When to Use Cefepime for Cellulitis
Cefepime should not be used as first-line therapy for typical cellulitis but is appropriate for cellulitis in neutropenic patients, healthcare-associated infections, or when resistant gram-negative pathogens are suspected.
Standard Treatment for Typical Cellulitis
For typical community-acquired cellulitis, first-line therapy should target streptococci and methicillin-sensitive Staphylococcus aureus:
- First-line oral options: Dicloxacillin or cephalexin 500 mg four times daily for 5-7 days 1
- First-line IV options: Cefazolin, oxacillin, or nafcillin 2
Beta-lactams like penicillin, amoxicillin, amoxicillin-clavulanate, dicloxacillin, and cephalexin remain the preferred agents for uncomplicated cellulitis 2. A 5-day course is as effective as a 10-day course if clinical improvement occurs by day 5 2.

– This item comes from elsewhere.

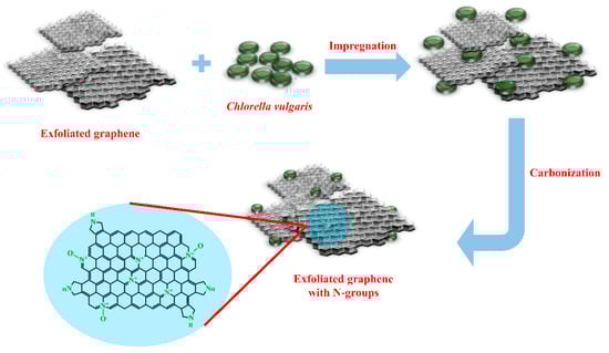 Preparation procedure of N-doped exfoliated graphene synthesis involving electroexfoliation of graphite and Chlorella vulgaris as the nitrogen source.
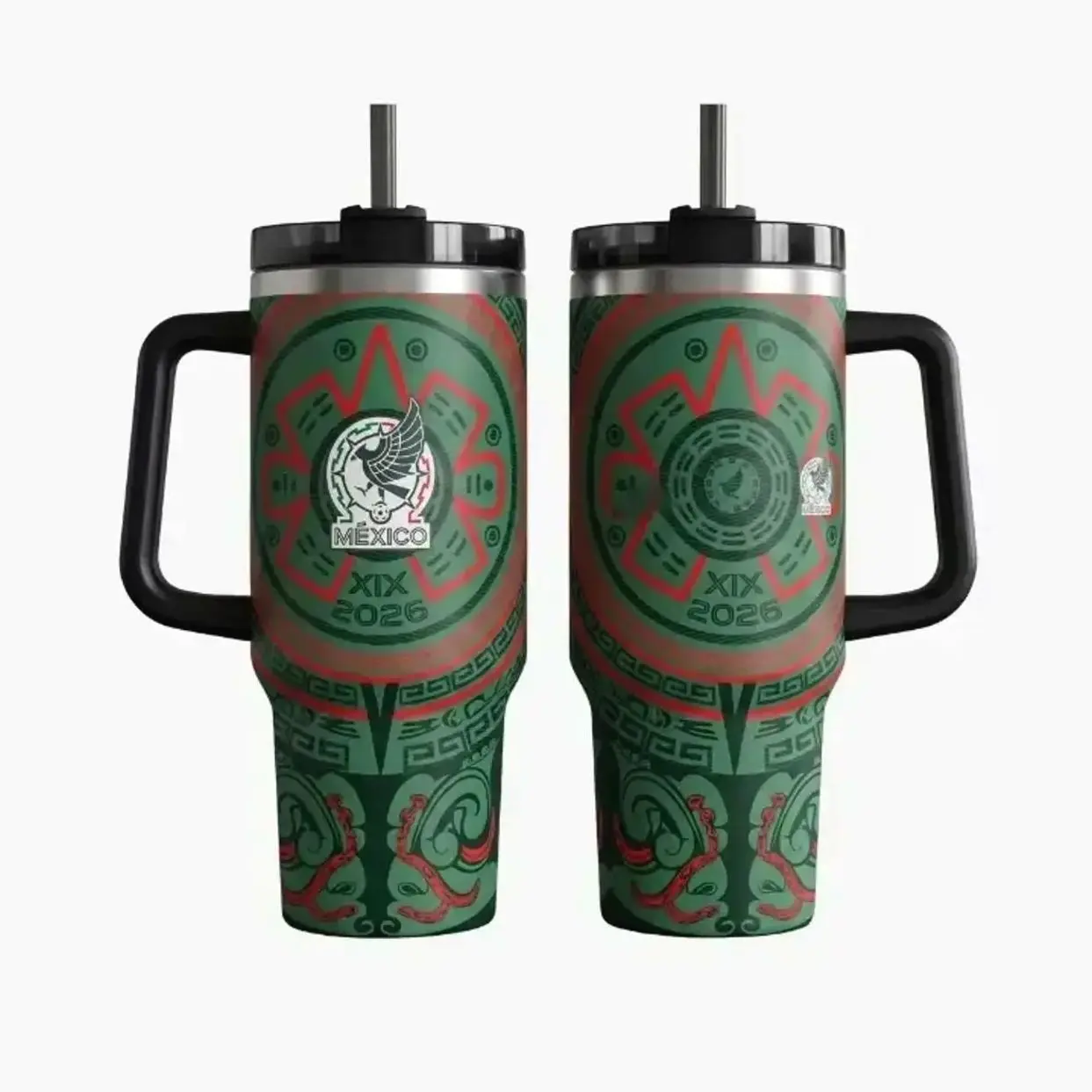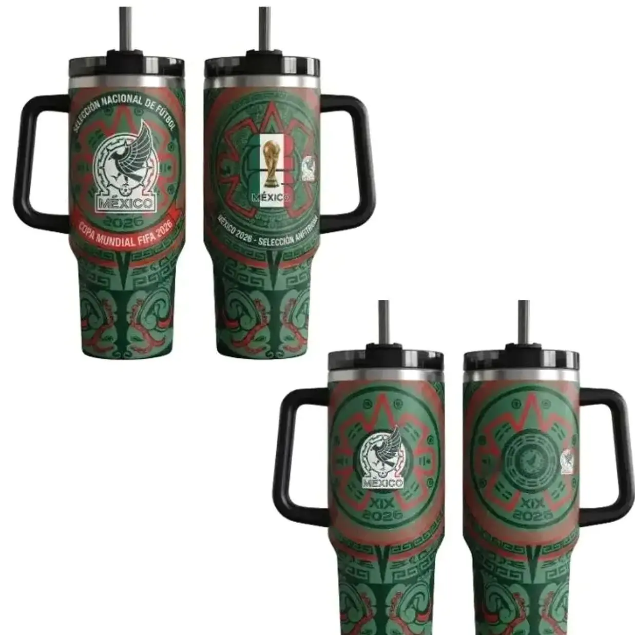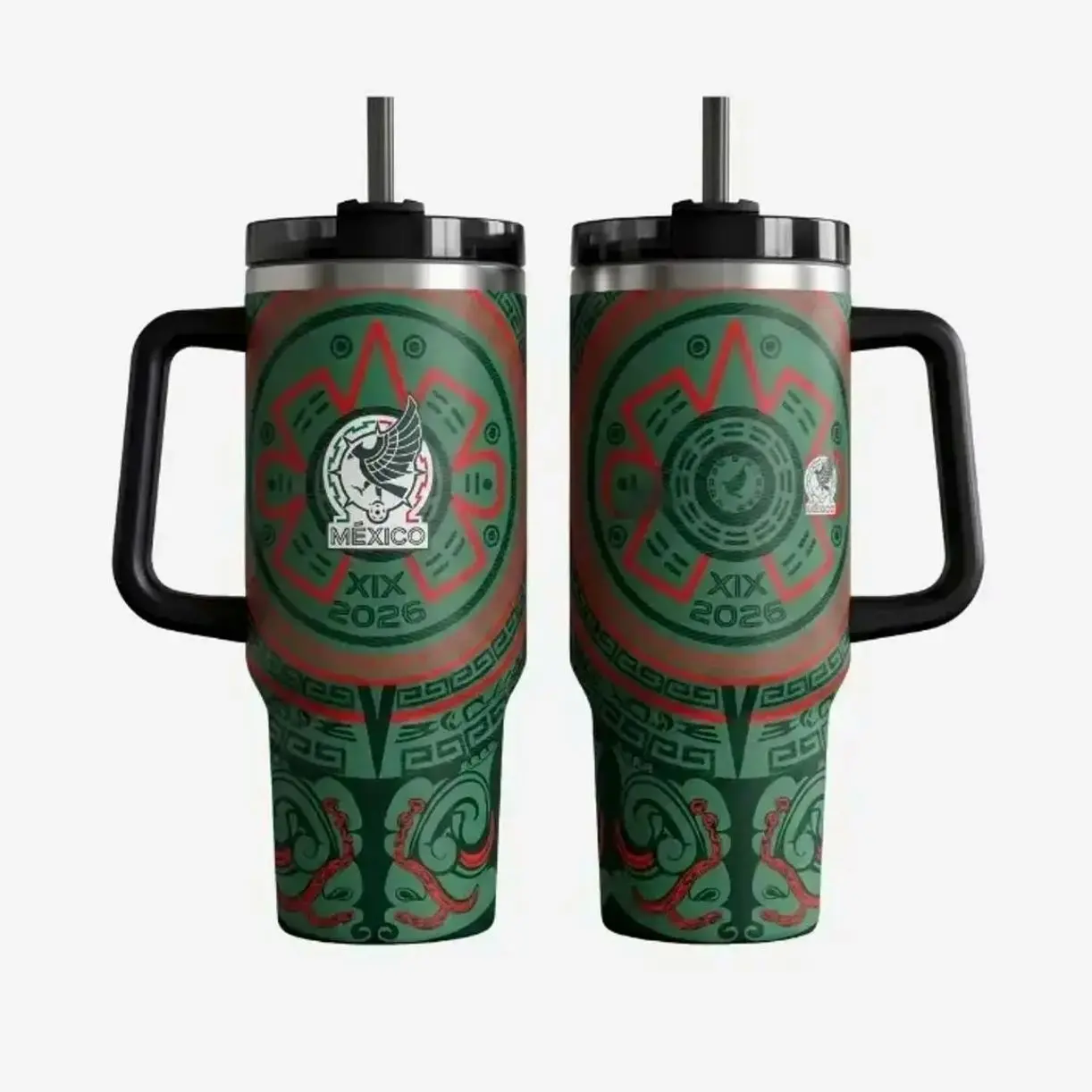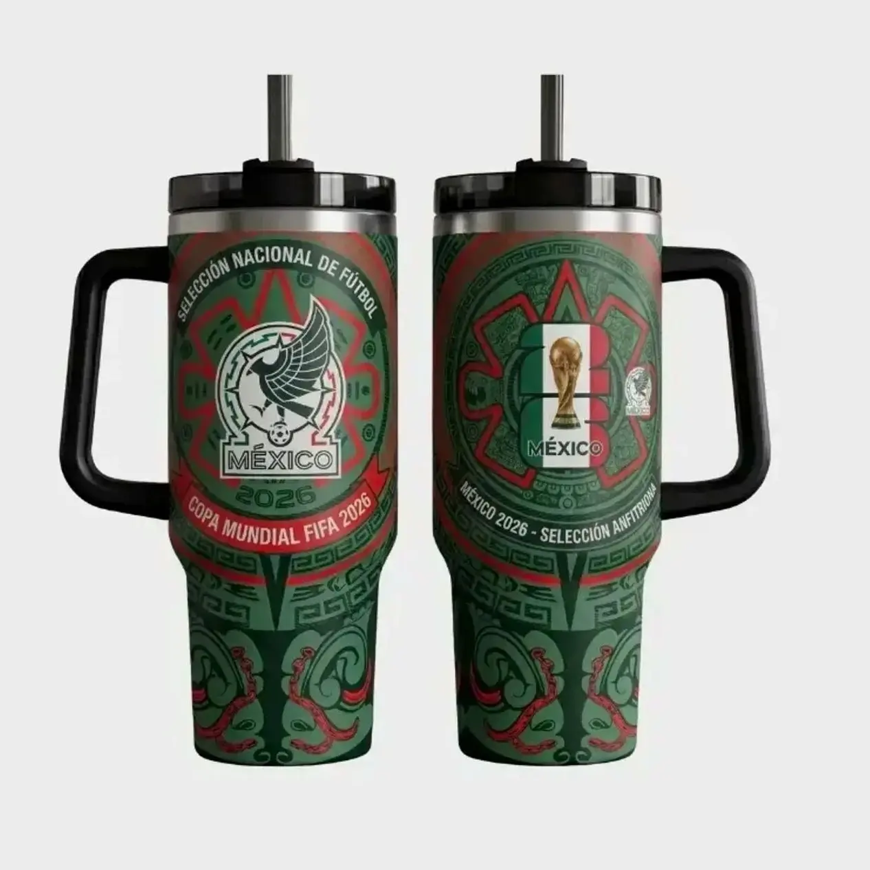 Mexico Soccer Inspired 40oz Tumbler, Football Fan Mug with Handle and Straw, Insulated Travel Cup Gift Idea

Specific Indications for Cefepime in Cellulitis
Cefepime is FDA-approved for "uncomplicated skin and skin structure infections" 3, but should be reserved for specific scenarios:
Neutropenic patients with cellulitis
Healthcare-associated skin infections
- When resistant gram-negative organisms are suspected 2
- Particularly in patients recently hospitalized or exposed to broad-spectrum antibiotics
When multidrug-resistant gram-negative coverage is needed
Complex skin infections with suspected gram-negative involvement
- Particularly when polymicrobial infection is suspected 5
Advantages of Cefepime
- Broader gram-negative coverage than third-generation cephalosporins 4
- Stable against many plasmid and chromosome-mediated beta-lactamases 4
- Retains activity against Enterobacteriaceae resistant to third-generation cephalosporins 2
- Good activity against methicillin-susceptible S. aureus and streptococci 6
Important Caveats and Considerations
Anaerobic coverage: Cefepime lacks adequate anaerobic coverage, so metronidazole should be added if anaerobes are suspected 2
Overuse concerns: Using cefepime for uncomplicated cellulitis contributes to antimicrobial resistance and is not justified 2
Cost considerations: Less expensive alternatives like cefazolin are equally effective for typical cellulitis 7, 8
MRSA coverage: Cefepime does not cover MRSA; if MRSA is suspected, vancomycin, linezolid, or other MRSA-active agents should be added 2
Dosing for Cellulitis When Indicated
- Standard dosing: 1-2g IV every 12 hours 5
- For severe infections or neutropenic patients: 2g IV every 8-12 hours 2
- Dose adjustment required in renal impairment
Algorithm for Cefepime Use in Cellulitis
Assess if patient has:
- Neutropenia
- Healthcare-associated infection
- Recent broad-spectrum antibiotic exposure
- Suspected resistant gram-negative involvement
If none of the above: Use standard cellulitis therapy (cefazolin, oxacillin, dicloxacillin, or cephalexin)
If any of the above are present: Consider cefepime, especially in:
- Febrile neutropenic patients
- Patients with recent healthcare exposure and risk for resistant organisms
- Patients with polymicrobial infections involving gram-negative pathogens
Add additional coverage as needed:
Remember that cefepime should be used judiciously to prevent the development of resistance, and narrower-spectrum antibiotics should be used whenever possible for typical community-acquired cellulitis.